For a moment, Nicholas was thoughtful. “History, yes. All that has happened to me, to my family, is now history, so perhaps all of it is recorded somewhere?”

“I see,” Dougless said, smiling. “You think maybe you were sent forward to find out something? How intriguing,” she said, then frowned. “I mean if it were possible for a person to have been sent forward, it would be intriguing. But since it isn’t possible, it’s not.”

His look of puzzlement was beginning to become familiar to her. When he couldn’t seem to figure out what she’d just said, he continued. “Perhaps there is something you know that I must find from you.” He moved to stand over her. “What do people of your time know of the Queen’s decree against me? Who has told her I raise an army to overthrow her? This would be recorded?”

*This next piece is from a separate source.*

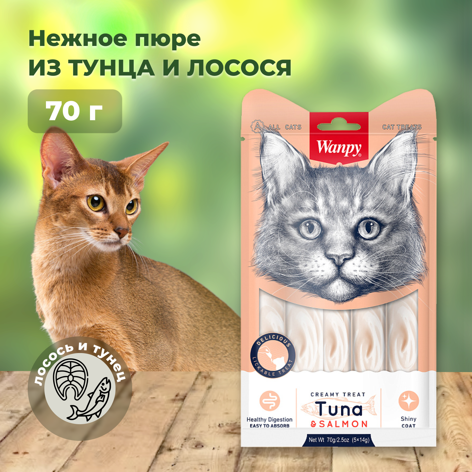 Wanpy Cat Лакомство для кошек "Нежное пюре" (Тунец и лосось 70 г.)
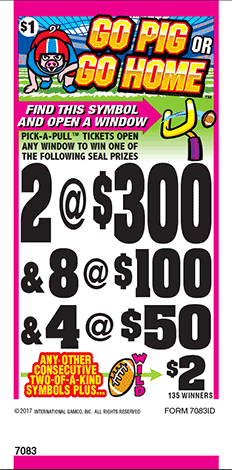 Pull open the tabs to reveal symbols. Get any 3 winning symbols as shown in the prize legend or two-of-a-kind symbols plus a wild and win the prize shown. Win up to $300. All PullTab prizes must be claimed at the location of play on the day of play.

“Oh, yes. My father used to get angry whenever he read something that said Elizabeth the First had an illegitimate child. My father said that every day of her life is documented, so it wasn’t possible that she could have sneaked away and had a baby in secret.” As she was saying this, Nicholas was looking at her with such intensity that she smiled. “I have an idea. Why don’t you stay here in this time period? Why go back at all? I’m sure you could get a job. You’d be great as an Elizabethan teacher. Or you could research and write. I’m sure you’d have enough to live on after the sale of your coins. If you invested carefully, that is. My father could help you invest, or my uncle J.T. could. Both of them know a lot about money.”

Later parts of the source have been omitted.